🤖 AI Summary
Diffusion models suffer significant degradation in generation quality on class-imbalanced datasets, primarily due to insufficient representation of minority-class samples in image-text pairs. To address this, we propose PoGDiff—a general fine-tuning framework that requires neither resampling nor architectural modification. PoGDiff innovatively incorporates the Product of Gaussians (PoG) distribution into the diffusion training objective, enabling conditional prediction based on semantically proximal text embeddings to mitigate label bias. It integrates DDPM, a CLIP-based text encoder, and a KL-divergence-optimized variant for end-to-end optimization. Evaluated on multiple real-world imbalanced benchmarks, PoGDiff consistently improves FID (average reduction of 12.3%), CLIP-Score (+8.7%), and minority-class fidelity and generation accuracy—achieving superior visual quality and semantic consistency simultaneously.
📝 Abstract
Diffusion models have made significant advancements in recent years. However, their performance often deteriorates when trained or fine-tuned on imbalanced datasets. This degradation is largely due to the disproportionate representation of majority and minority data in image-text pairs. In this paper, we propose a general fine-tuning approach, dubbed PoGDiff, to address this challenge.
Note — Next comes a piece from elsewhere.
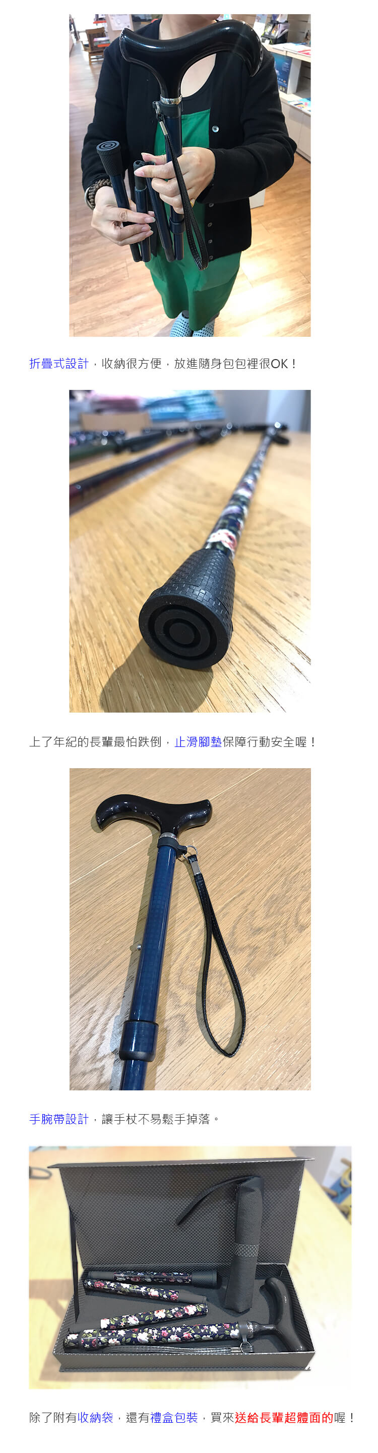 3整支表面氣染轉印花紋,各種亮眼花色,可搭配您的各種服飾,讓阿公阿嬤拿著心情都變好了。

Rather than directly minimizing the KL divergence between the predicted and ground-truth distributions, PoGDiff replaces the ground-truth distribution with a Product of Gaussians (PoG), which is constructed by combining the original ground-truth targets with the predicted distribution conditioned on a neighboring text embedding. Experiments on real-world datasets demonstrate that our method effectively addresses the imbalance problem in diffusion models, improving both generation accuracy and quality.